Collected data
>>>
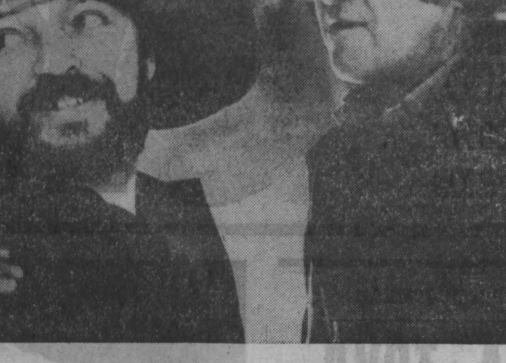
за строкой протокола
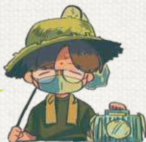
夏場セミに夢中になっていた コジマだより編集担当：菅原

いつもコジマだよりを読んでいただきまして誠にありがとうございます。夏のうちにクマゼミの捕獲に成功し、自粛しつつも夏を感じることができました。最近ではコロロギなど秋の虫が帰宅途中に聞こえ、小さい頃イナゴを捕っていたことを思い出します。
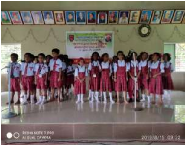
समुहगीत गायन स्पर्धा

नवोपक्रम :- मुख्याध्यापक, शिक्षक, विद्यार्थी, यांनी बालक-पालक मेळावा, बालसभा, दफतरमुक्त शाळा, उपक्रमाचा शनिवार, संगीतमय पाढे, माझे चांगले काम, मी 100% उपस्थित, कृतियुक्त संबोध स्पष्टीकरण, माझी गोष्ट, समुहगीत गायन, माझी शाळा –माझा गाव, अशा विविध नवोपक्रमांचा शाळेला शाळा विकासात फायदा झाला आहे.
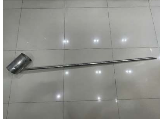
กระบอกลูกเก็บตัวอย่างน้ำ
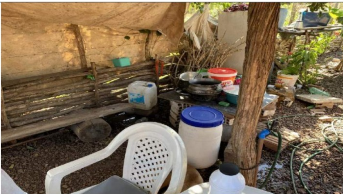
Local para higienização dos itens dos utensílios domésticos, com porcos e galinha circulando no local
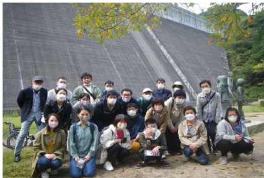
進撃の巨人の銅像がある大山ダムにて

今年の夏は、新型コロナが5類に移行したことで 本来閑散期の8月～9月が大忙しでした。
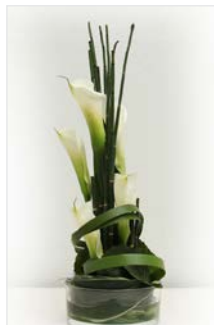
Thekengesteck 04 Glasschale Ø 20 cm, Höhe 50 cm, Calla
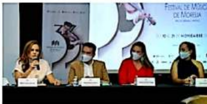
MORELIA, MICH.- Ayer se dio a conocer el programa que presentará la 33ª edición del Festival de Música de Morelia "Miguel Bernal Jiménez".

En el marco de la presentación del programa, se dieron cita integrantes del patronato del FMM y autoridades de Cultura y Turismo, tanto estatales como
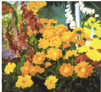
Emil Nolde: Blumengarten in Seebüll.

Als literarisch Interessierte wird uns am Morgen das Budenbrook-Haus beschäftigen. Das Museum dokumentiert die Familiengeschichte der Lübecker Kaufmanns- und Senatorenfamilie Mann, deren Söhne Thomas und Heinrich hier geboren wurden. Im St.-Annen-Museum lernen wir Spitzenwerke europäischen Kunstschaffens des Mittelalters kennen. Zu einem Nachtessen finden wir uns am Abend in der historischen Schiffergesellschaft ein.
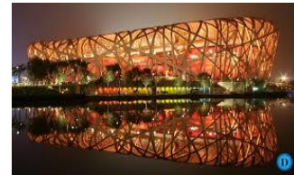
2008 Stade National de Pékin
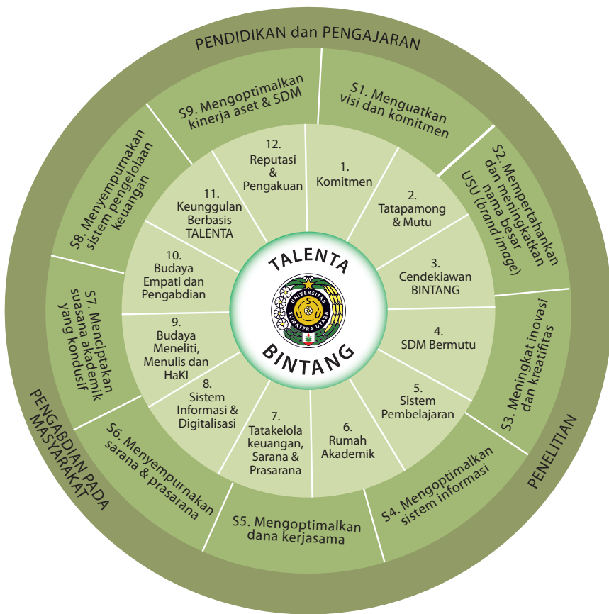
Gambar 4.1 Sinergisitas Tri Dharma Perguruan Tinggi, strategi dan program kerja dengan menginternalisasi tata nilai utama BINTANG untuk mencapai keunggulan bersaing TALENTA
<<<
Show a copy of each line from the records above in which the string "programa" occurs.

Written response:
MORELIA, MICH.- Ayer se dio a conocer el programa que presentará la 33ª edición del Festival de Música de Morelia "Miguel Bernal Jiménez".
En el marco de la presentación del programa, se dieron cita integrantes del patronato del FMM y autoridades de Cultura y Turismo, tanto estatales como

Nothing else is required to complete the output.